Infometrics says strong growth in major exporting regions will help underpin the country’s economic growth during 2019.
For the first time since the consultancy started tracking regional performance in 2001, all four of the largest urban areas are growing slower than the national average.
Auckland, Wellington and Canterbury were the slowest-growth regions in the year ended March. Taranaki and the Bay of Plenty were the fastest growing at rates of more than 4 percent, Infometrics said.
Chief forecaster Gareth Kiernan says the recovery in dairy prices since 2016 and strong prices for most of the country’s other export commodities have boosted spending in the provinces.
Population growth, bolstered by the international migration boom and an increasing outflow of Aucklanders seeking a better and more affordable lifestyle, has also contributed.
“Many of the drivers of urban growth have peaked, including migration, the housing market, and construction activity,” Kiernan said in a statement.
“Most of the New Zealand economy’s momentum over the next 18 months will come from provincial areas, thanks to strong export incomes.”
New Zealand’s exporters are enjoying strong international prices for logs, meat, oil and aluminium, while a weaker local dollar since May is also boosting returns. Log exports were a record in March and an index of dairy prices has been relatively stable the past two years after plunging through 2014.

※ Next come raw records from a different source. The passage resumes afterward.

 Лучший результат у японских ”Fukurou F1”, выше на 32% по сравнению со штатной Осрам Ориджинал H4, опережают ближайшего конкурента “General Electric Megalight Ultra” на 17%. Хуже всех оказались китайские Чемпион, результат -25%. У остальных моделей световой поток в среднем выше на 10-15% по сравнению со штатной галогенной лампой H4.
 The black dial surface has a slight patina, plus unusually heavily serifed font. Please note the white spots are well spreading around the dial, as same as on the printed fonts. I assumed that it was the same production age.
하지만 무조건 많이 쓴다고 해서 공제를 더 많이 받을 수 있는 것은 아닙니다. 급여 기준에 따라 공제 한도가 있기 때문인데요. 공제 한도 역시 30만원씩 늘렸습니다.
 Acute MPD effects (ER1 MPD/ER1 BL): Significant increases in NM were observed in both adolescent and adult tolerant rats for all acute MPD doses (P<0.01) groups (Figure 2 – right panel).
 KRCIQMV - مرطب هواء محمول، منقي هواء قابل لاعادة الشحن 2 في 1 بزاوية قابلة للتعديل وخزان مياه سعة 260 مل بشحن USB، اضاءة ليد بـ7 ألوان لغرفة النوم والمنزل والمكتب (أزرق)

Infometrics says the strength of the provinces has contributed to an upward revision for its growth outlook during the next two years. The government’s fiscal position is also stronger than previously thought, leaving more room for spending that may also stimulate the economy.

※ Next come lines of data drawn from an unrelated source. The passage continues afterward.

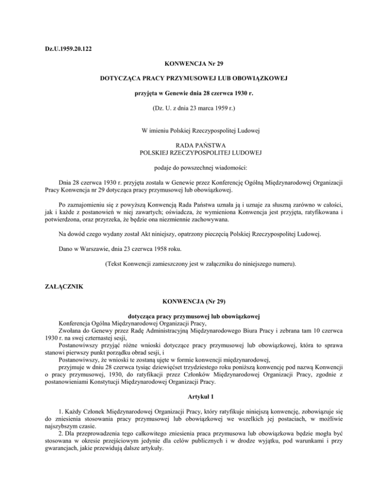Dz.U.1959.20.122 KONWENCJA Nr 29 DOTYCZĄCA PRACY PRZYMUSOWEJ LUB OBOWIĄZKOWEJ przyjęta w Genewie dnia 28 czerwca 1930 r. (Dz. U. z dnia 23 marca 1959 r.) W imieniu Polskiej Rzeczypospolitej Ludowej RADA PAŃSTWA POLSKIEJ RZECZYPOSPOLITEJ LUDOWEJ podaje do powszechnej wiadomości: Dnia 28 czerwca 1930 r. przyjęta została w Genewie przez Konferencję Ogólną Międzynarodowej Organizacji Pracy Konwencja nr 29 dotycząca pracy przymusowej lub obowiązkowej. Po zaznajomieniu się z powyższą Konwencją Rada Państwa uznała ją i uznaje za słuszną zarówno w całości, jak i każde z postanowień w niej zawartych; oświadcza, że wymieniona Konwencja jest przyjęta, ratyfikowana i potwierdzona, oraz przyrzeka, że będzie ona niezmiennie zachowywana. Na dowód czego wydany został Akt niniejszy, opatrzony pieczęcią Polskiej Rzeczypospolitej Ludowej. Dano w Warszawie, dnia 23 czerwca 1958 roku. (Tekst Konwencji zamieszczony jest w załączniku do niniejszego numeru). ZAŁĄCZNIK KONWENCJA (Nr 29) dotycząca pracy przymusowej lub obowiązkowej Konferencja Ogólna Międzynarodowej Organizacji Pracy, Zwołana do Genewy przez Radę Administracyjną Międzynarodowego Biura Pracy i zebrana tam 10 czerwca 1930 r. na swej czternastej sesji, Postanowiwszy przyjąć różne wnioski dotyczące pracy przymusowej lub obowiązkowej, która to sprawa stanowi pierwszy punkt porządku obrad sesji, i Postanowiwszy, że wnioski te zostaną ujęte w formie konwencji międzynarodowej, przyjmuje w dniu 28 czerwca tysiąc dziewięćset trzydziestego roku poniższą konwencję pod nazwą Konwencji o pracy przymusowej, 1930, do ratyfikacji przez Członków Międzynarodowej Organizacji Pracy, zgodnie z postanowieniami Konstytucji Międzynarodowej Organizacji Pracy. Artykuł 1 1. Każdy Członek Międzynarodowej Organizacji Pracy, który ratyfikuje niniejszą konwencję, zobowiązuje się do zniesienia stosowania pracy przymusowej lub obowiązkowej we wszelkich jej postaciach, w możliwie najszybszym czasie. 2. Dla przeprowadzenia tego całkowitego zniesienia praca przymusowa lub obowiązkowa będzie mogła być stosowana w okresie przejściowym jedynie dla celów publicznych i w drodze wyjątku, pod warunkami i przy gwarancjach, jakie przewidują dalsze artykuły. 3. Po upływie pięcioletniego okresu od chwili wejścia w życie niniejszej konwencji i przy okazji sprawozdania, przewidzianego poniżej w artykule 31, Rada Administracyjna Międzynarodowego Biura Pracy zbada możliwość zniesienia bez dalszego okresu przejściowego pracy przymusowej lub obowiązkowej we wszelkich jej postaciach i zdecyduje, czy należy wnieść tę sprawę na porządek obrad Konferencji. Artykuł 2 1. Dla celów niniejszej konwencji wyrażenie "praca przymusowa lub obowiązkowa" oznaczać będzie wszelką pracę lub usługi wymagane od jakiejś osoby pod groźbą jakiejkolwiek kary i do których dana osoba nie zgłosiła się dobrowolnie. 2. Wyrażenie "praca przymusowa lub obowiązkowa" nie obejmuje jednakże, w rozumieniu niniejszej konwencji: a) wszelkiej pracy lub usług wymaganych w myśl ustaw o obowiązkowej służbie wojskowej i poświęconych pracom o charakterze czysto wojskowym; b) wszelkiej pracy lub usług wchodzących w zakres normalnych obowiązków obywatelskich w krajach rządzących się całkowicie samodzielnie; c) wszelkiej pracy lub usług wymaganych od jakiejś osoby w wyniku skazania jej przez władzę sądową pod warunkiem, że ta praca lub te usługi będą wykonywane pod nadzorem i kontrolą władz publicznych i że ta osoba nie będzie najęta lub oddana do rozporządzenia jednostkom, prywatnym spółkom lub stowarzyszeniom; d) wszelkiej pracy lub usług wymaganych w wypadkach siły wyższej, to znaczy w razie wojny, klęsk lub groźby klęsk takich, jak pożary, powodzie, głód, trzęsienia ziemi, gwałtowne epidemie i choroby bydła, najścia zwierząt, owadów lub szkodliwych pasożytów roślinnych i w ogóle wszelkich okoliczności stanowiących niebezpieczeństwo lub ryzyko niebezpieczeństwa dla życia lub normalnych warunków egzystencji ogółu lub pewnej części ludności; e) drobnych robót wiejskich, to znaczy robót wykonywanych w bezpośrednim interesie ogółu przez członków tego ogółu, robót, które z tego tytułu mogą być uznane za normalne obowiązki obywatelskie, obowiązujące członków społeczności, pod warunkiem, że sama ludność lub jej bezpośredni przedstawiciele będą mieli prawo wypowiadania się co do celowości tych robót. Artykuł 3 Dla celów niniejszej konwencji wyrażenie "właściwe władze" oznaczać będzie bądź władze metropolitarne, bądź wyższe władze centralne zainteresowanego terytorium. Artykuł 4 1. Właściwa władza nie powinna nakazywać lub zezwolić na nakazywanie pracy przymusowej lub obowiązkowej na korzyść jednostek, spółek lub stowarzyszeń prywatnych. 2. Jeżeli taka forma pracy przymusowej lub obowiązkowej na korzyść jednostek spółek lub stowarzyszeń prywatnych istnieje w chwili, gdy ratyfikacja niniejszej konwencji przez jakiegoś Członka została zarejestrowana przez Dyrektora Generalnego Międzynarodowego Biura Pracy. Członek ten powinien całkowicie znieść tę pracę przymusową lub obowiązkową od daty wejścia dlań w życie niniejszej konwencji. Artykuł 5 1. Żadna koncesja udzielona jednostkom, spółkom lub stowarzyszeniom prywatnym nie będzie mogła pociągnąć za sobą nakazywania jakiejkolwiek formy pracy przymusowej lub obowiązkowej w celu wytwarzania lub zbierania produktów, jakich te jednostki, spółki lub stowarzyszenia prywatne używają lub którymi handlują. 2. Jeżeli istniejące koncesje zawierające postanowienia pociągające za sobą taką pracę przymusową lub obowiązkową, postanowienia te powinny być możliwie najszybciej unieważnione celem dostosowania się do przepisów artykułu pierwszego niniejszej konwencji. Artykuł 6 Urzędnicy administracji, nawet gdy będą mieli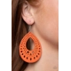 Painted in a vivacious Amberglow finish, a wooden teardrop has been cut into a diamond and triangular stenciled pattern for a tribal inspired flair. Earring attaches to a standard fishhook fitting.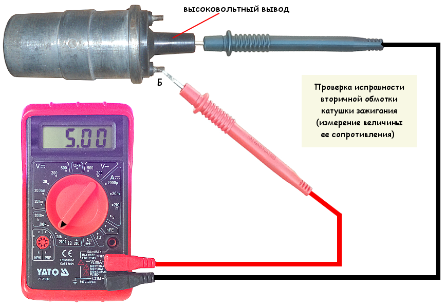 Щупы мультиметра или автотестера в режиме омметра присоединяем: один к боковому выводу «Б» катушки, другой к ее центральному высоковольтному выводу.

It has now added a half percentage point to its expectations for government consumption growth in 2018 and 2019. That growth now averages 2.9 percent for the two years. Its April forecast had assumed that growth would trough at about 2 per cent in early 2019 before rising slowly through to 2021.
Infometrics also expects stronger household spending for the next 18 months, relative to its April forecast. Stronger wages growth had also contributed to that lift, the firm said.
While the regional outlook is good, Infometrics said it’s not all rosy and growth in 2019 will still be the slowest in five years.
Other risks facing the provinces include the Mycoplasma bovis outbreak in some regions. The disease, commonly found in cows globally, does not affect people or meat quality but does cause other health issues for stock.
Infometrics said the government’s plans to eradicate the disease are not guaranteed and it could spread further.
Other risks for the regions include the on-going shortage of skilled workers and the potential for the trade ructions between China and the US to slow global demand growth. Any further slowdown in China would also affect New Zealand, given it is the biggest buyer of the country’s exports.